Saturday, October 20, 2018

Unwanted Immigrant - The Spotted Lanternfly

Credit: Pennsylvania Department of Agriculture
"An invasive insect species native to China, India and Vietnam is posing a problem in at least two states" reports Fox News. "The spotted lanternfly is harming crops in Winchester, Virginia", and has been spotted in Pennsylvania. Apparently, the pest was observed in Pennsylvania as early as 2014. 
According to the USDA, "spotted lanternfly feeds on a wide range of fruit, ornamental and woody trees, with tree-of-heaven being one of the preferred hosts. Spotted lanternflies are invasive and can be spread long distances by people who move infested material or items containing egg masses. If allowed to spread in the United States, this pest could seriously impact the country’s grape, orchard, and logging industries."
  • Inspect your trees and plants for signs of this pest, particularly at dusk and at night when the insects tend to gather in large groups on the trunks or stems of plants.
  • Inspect trees (in particular, tree of heaven), bricks, stone, and other smooth surfaces for egg masses.
  • If you find an insect that you suspect is the spotted lanternfly, please contact your local Extension office or State Plant Regulatory Official to have the specimen identified properly.
  • Locate the Extension specialist near you
  • Contact your State Plant Regulatory Official 
If you live in Pennsylvania, an interactive plant pest quarantine map is provided to see if you’re in the spotted lanternfly quarantine.
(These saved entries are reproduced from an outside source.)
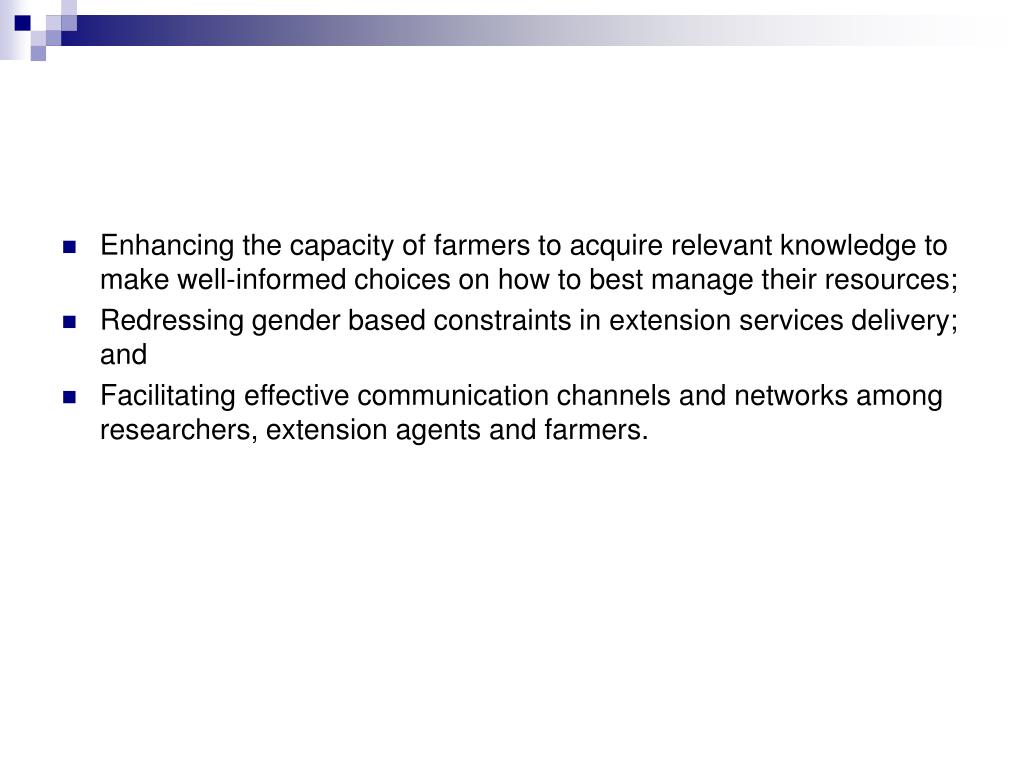 Enhancing the capacity of farmers to acquire relevant knowledge to make well-informed choices on how to best manage their resources; • Redressing gender based constraints in extension services delivery; and • Facilitating effective communication channels and networks among researchers, extension agents and farmers.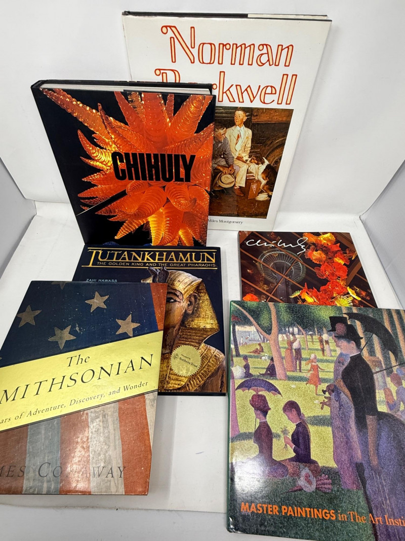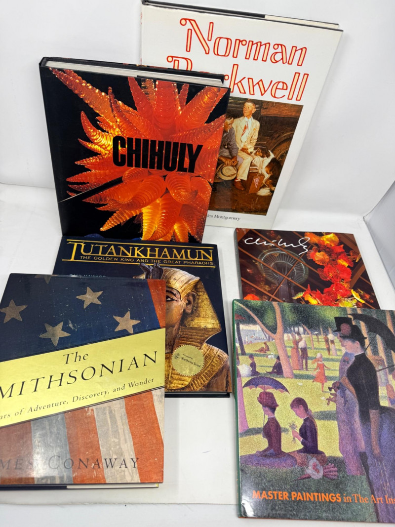 (6) Coffee Table Books Chihuly Garden and Glass Norman Rockwell Chihuly Second Edition revised and expanded The Smithsonian 150 Years of Adventure, Discovery and Wonder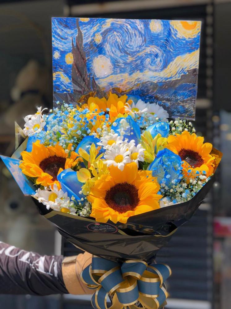 Surpreenda com um presente verdadeiramente único: nosso buquê exclusivo com rosas azuis, um delicado mix de flores e girsassóis vibrantes, inspirado na icônica obra “Noite Estrelada” de Van Gogh. Mais do que um arranjo floral, este buquê é uma expressão de arte viva, que traduz em flores a beleza, a emoção e a magia das estrelas.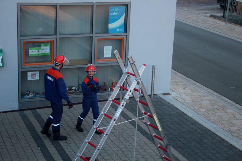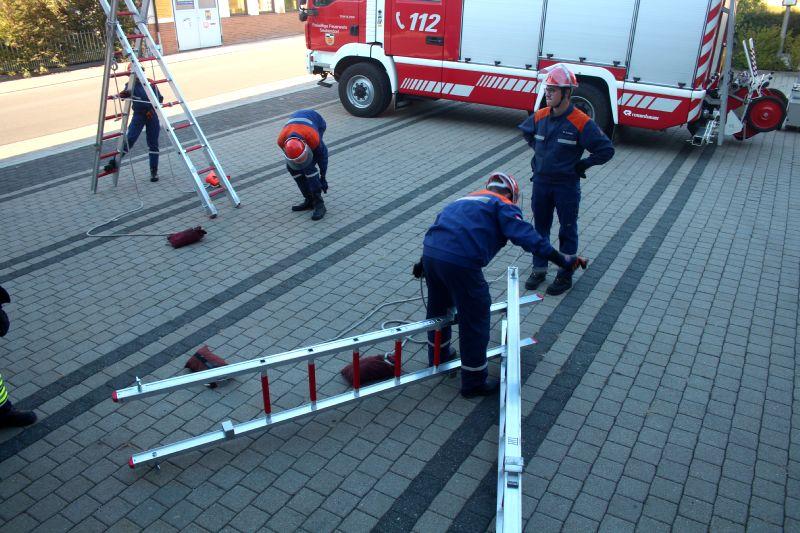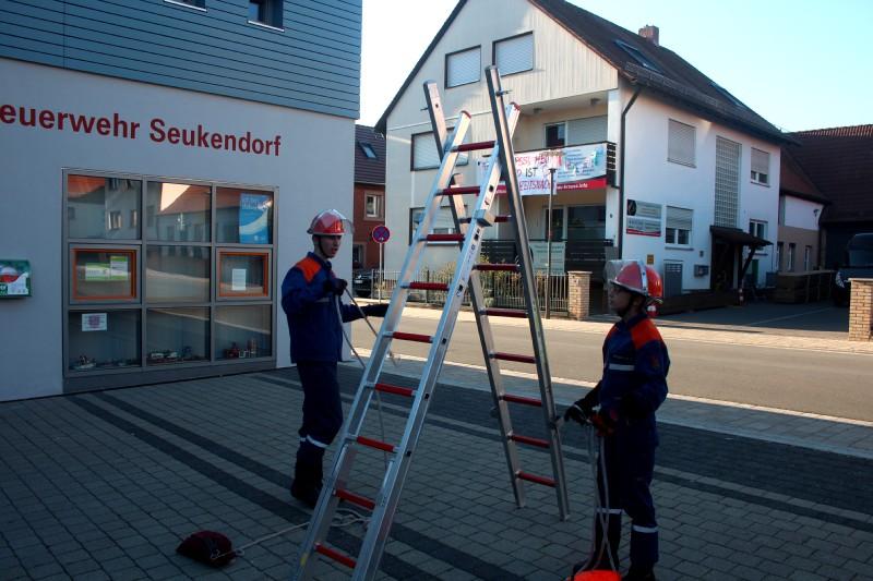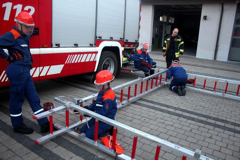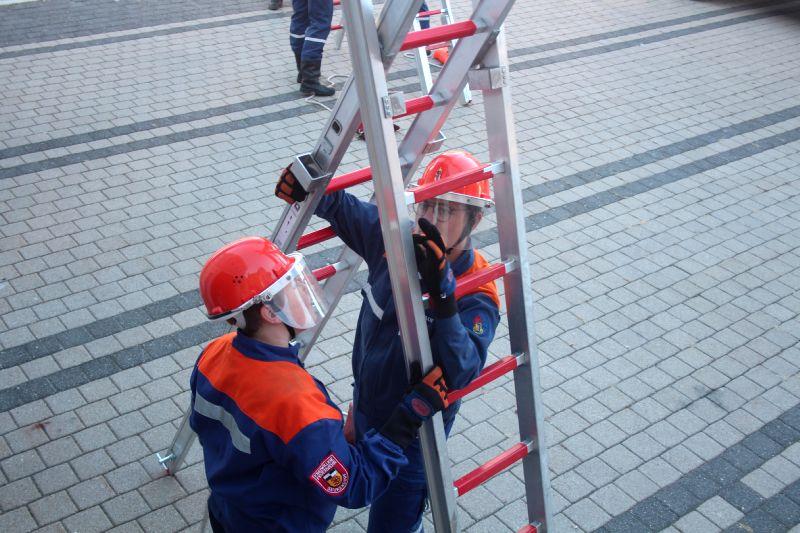 Zuerst suchten sich die Jugendlichen die nötigen Materialien selbst zusammen, danach wurde erst in langsamen Schritten der Aufbau für alle verständliche erklärt und gezeigt. Nachdem der Ehrgeiz der Mannschaft geweckt wurde, zeigen uns die Nachwuchskräfte wie schnell es geht einen Leiterbock zu bauen.

As noted, spotted lanternfly is particularly attracted to "tree of heaven." Ironically, "tree of heaven" is not heavenly at all. According to the Nature Conservancy, "It is a prolific seed producer and can thrive in even the most unfavorable conditions with little management. Its rapid growth also means that it can crowd out nearby native plant species, and its aggressive root system can cause damage to pavement, sewers and building foundations."

It also attracts spotted lanternfly, which can be a bad thing or good. The bad thing is that it's a host plant for the little creatures. The good thing is that, as a spotted lanternfly magnet, a whole gathering can be eliminated in one place.
I guess those "No matter where you are from, we're glad you're our neighbor" yard signs don't actually apply to all.